CellProfiler had the worst performance. The package leads to both chronic over- and under-segmentation and generates a completely intractable number of fatal errors. Although SuperSegger performed well on normal cell morphologies, it had extremely poor performance for filaments and generated an intractable number of fatal errors. DeLTA again fails to accurately capture cell width; however, it performs well with respect to fatal errors. For the whole dataset, only 23 fatal errors would need to be fixed, which we would define as tractable. The performance of OmniSegger is, by both performance metrics, the best. The cell boundaries are accurate at a sub-cellular scale (Fig 3B) and there is only one fatal error in the entire time-lapse which occurs very late in the experiment (Fig 3D). We therefore conclude that OmniSegger has the best performance in the context of unusual cell morphologies.

Modality challenge. The second focus of OmniSegger development was to add support for the segmentation of more imaging modalities.
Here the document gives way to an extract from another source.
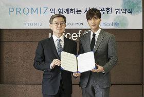联合国儿童基金会韩国委员会22日透露称,在世界水日(3月22日)到来之际,与演员李敏镐的捐赠平台“PROMIZ”签署了为

Although we prefer to use the phase-contrast modality in most experiments, some experimental scenarios demand the use of other imaging modalities. For instance, phase-contrast objectives contain a neutral-density ring that decreases the overall brightness of the objective in fluorescence applications, making it a sub-optimal modality for experiments that demand single-molecule sensitivity. We therefore worked to create a pipeline with robust segmentation performance using any of a range of canonical imaging modalities. Due to our own laboratory priorities, we introduced support for the following modalities: Phase-contrast, Brightfield, cytoplasmic fluorescence, and membrane fluorescence.
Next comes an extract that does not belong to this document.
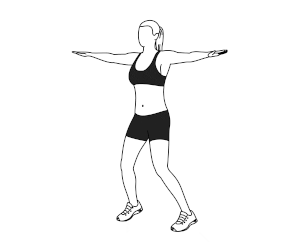 ۹) تاب دادن دستها: ۳۰ ثانیه. بایستید، زانوها را کمی خم کرده و پاها را به اندازه عرض شانه باز کنید. دستها را به موازات زمین به طرفین بدن دراز کنید. سپس، دستها را در جلوی بدن به صورت متقاطع در آورده و بعد به سرعت، تا جایی که میتوانید به سمت عقب بدن بکشید.
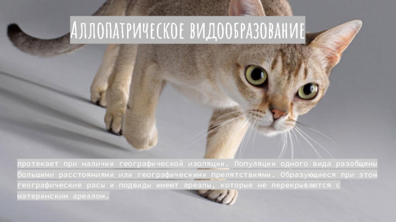 протекает при наличии географической изоляции. Популяции одного вида разобщены

Description of the challenge. For this challenge, we collected data using four imaging modalities (Phase-Contrast, Brightfield, cytoplasmic and membrane fluorescence). In each case, we collected time-lapse data of E. coli cells proliferating over multiple generations. For the phase-contrast modality, we used the dataset as described in the Proliferation challenge. For the brightfield modality, we imaged cells using a z-stack, but focused on in-focus and under- and over-focused ( 0.5 m) images. We also experimented with two growth conditions: rich (LB) and minimal (M9). We did find significant differences in brightfield images and segmentation performance between these conditions and focused on the minimal media data for which the segmentation performance was highest. This dataset was not included in the ground-truth used to train the Omnipose Brightfield model. For the fluorescence modality, the performance is clearly dependent on the brightness of the fluorescent label. We assumed that most users would desire to use plasmid-based fluorescent fusions for this purpose. We therefore selected two representative plasmid-based IPTG inducible fusions from the ASKA collection: One with diffuse cytoplasmic localization and the other with membrane localization [5]. This dataset was not used to train the Omnipose fluorescence model. (The raw images and OmniSegger masks are available on Zenodo [18].)
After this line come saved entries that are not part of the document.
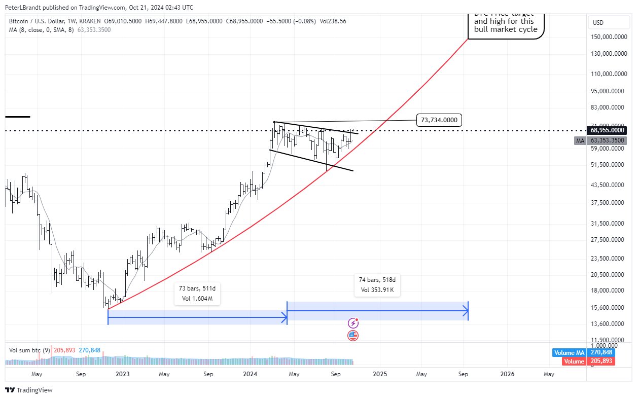 Usta trader Peter Brandt, 21 Ekim'de haftalık kapanışın ardından yayınlanan Bitcoin X yazışmasının bir parçası olan grafik hakkında “7 aylık ters genişleyen üçgen oluşmaya devam ediyor” yorumunu yaptı.
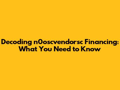 Hey guys! Ever stumbled upon the term "n0oscvendorsc financing" and scratched your head? Don't sweat it; you're not alone. It's a bit of a mouthful, but understanding what it means can be super important, especially if you're involved in, or thinking about getting involved in, vendor financing. This article is your friendly guide to breaking down this term. We'll explore its meaning, how it works, and why it matters in the grand scheme of things. So, grab a coffee, and let's dive in! We are going to explore this financial term with all the basics. Let's get to the bottom of the meaning, shall we?
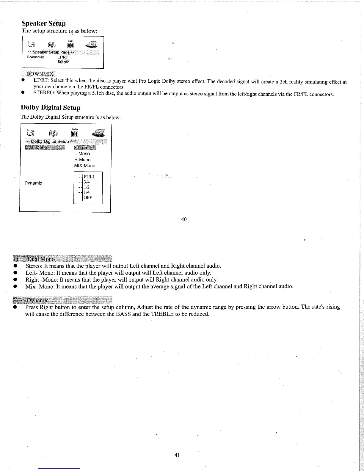 Quest Engineering QX-3202DVD - Speaker Setup; Dolby Digital Setup; Dual Mono; Dynamic
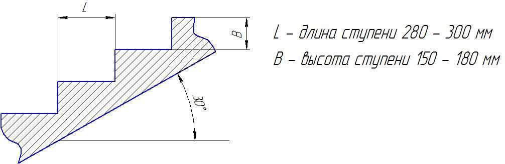 При выборе параметров ступеней надо придерживаться рекомендаций СНиПа: сумма просупи и удвоенного подступенка должна находится в пределах 600-640 мм. Например, вы рассчитали, что высота ступени (подступенок) у вас 17 см, проступь (глубина степени) 280 мм. Выполнив вычисления получаем: 170 мм * 2+280 мм = 620 мм. В рекомендованные параметры мы вписались, значит изменять ничего не надо.
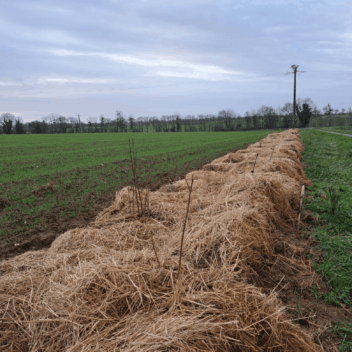 Le projet intègre aussi la reconnexion de haies existantes afin de reconstituer un maillage bocager cohérent et fonctionnel, améliorant la circulation de la faune et la résilience écologique des parcelles.

Pipeline performance. While segmentation algorithms and pre-trained models exist to segment various imaging modalities, among the currently existing quantitative time-lapse analysis pipelines, the majority only support segmentation for phase-contrast images. In addition, alternative pipelines, which are able to segment brightfield or fluorescence images, require significant time investment to tune user-defined training or parameters (see Table 3). OmniSegger is the only pipeline which can handle various imaging modalities out-of-the-box. As shown in Fig 4, the OmniSegger pipeline can handle all five modalities. Since other packages either do not support these alternative modalities (DeLTA, SuperSegger) or have extremely poor performance (CellProfiler), we show only the OmniSegger results. In order to evaluate the relative performance with each modality, we again quantified the cumulative number of fatal errors for cells propagating from single cells to form microcolonies (Fig 5).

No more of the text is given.